From the inaugural issue of 401(k) Specialist magazine: Once they were loathed, now they are loved. Who’s on top with target date funds? Morningstar clues us in on what’s new with the 401(k) staple
Who knew? It was only a few years ago that target date funds were considered a colossal disappointment. Glide paths were off, leading to early-inception underperformance and the dubious honor of ending up on many financial experts’ “products to avoid” lists.
No longer; the 2015 Morningstar Investment Conference was more like a TDF debutante ball; a reintroduction of the product with plaudits from conference presenters and a major reinforcement of why they’re so popular in 401(k)s. High praise was given not only for TDF performance overall, but also for their role in minimizing the more destructive behavior displayed by investors during 2008 and the ensuing recovery.
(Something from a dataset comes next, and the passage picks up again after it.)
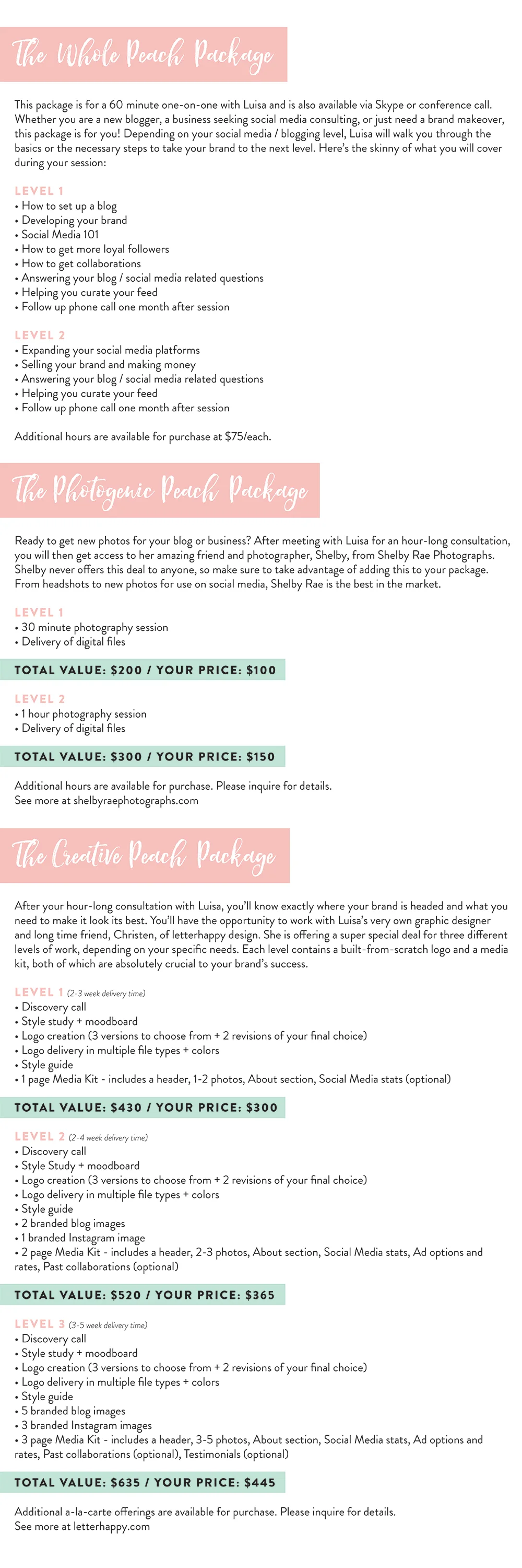 Luisa, who runs the super successful blog, Peaches to Pearls, is sitting down with you to discuss blog basics, developing your brand, social media, and so much more. After your 60 minute consultation with her (a total steal at $125!), you get access to both her photographer, Shelby, and her designer, ME! These are packages that neither of us offer as a stand-alone option, so take advantage of this bundle while you can!
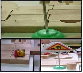 둥근 자동차 도로를 만들려고 하니까 가운데 비어 있는 여백이 많아서 그런지 쌓기블록이 쌓기 단상에 걸쳐져 바닥으로 떨어지는 것이었다.

A research roundtable during the conference’s opening afternoon, moderated by John Rekenthaler, Morningstar’s vice president of new product development, was particularly positive. “We see target date fund investors, in particular, behaving very well,” said Laura Pavlenko Lutton, a director of manager research at Morningstar. “Especially in 2008, they did not panic and reached the rebound of 2009.”
Russel Kinnel of The Fund Spy fame agreed, noting that “TDF investors received far and away the best returns” over the past few years, and credited the funds “boring structure” for the absence of self-sabotaging behavior.
“We heard around 1999 and 2000 how supposedly 401(k)s were deficient and investors wouldn’t be the first to crack, and that the savings vehicle wasn’t structured properly and it wouldn’t hold up,” Rekenthaler added. “But the opposite was actually true. TDFs were strongly positive through 2008 and 401(k) investors stayed put more so that other types of investors. This is something that analysts and researchers are now studying.”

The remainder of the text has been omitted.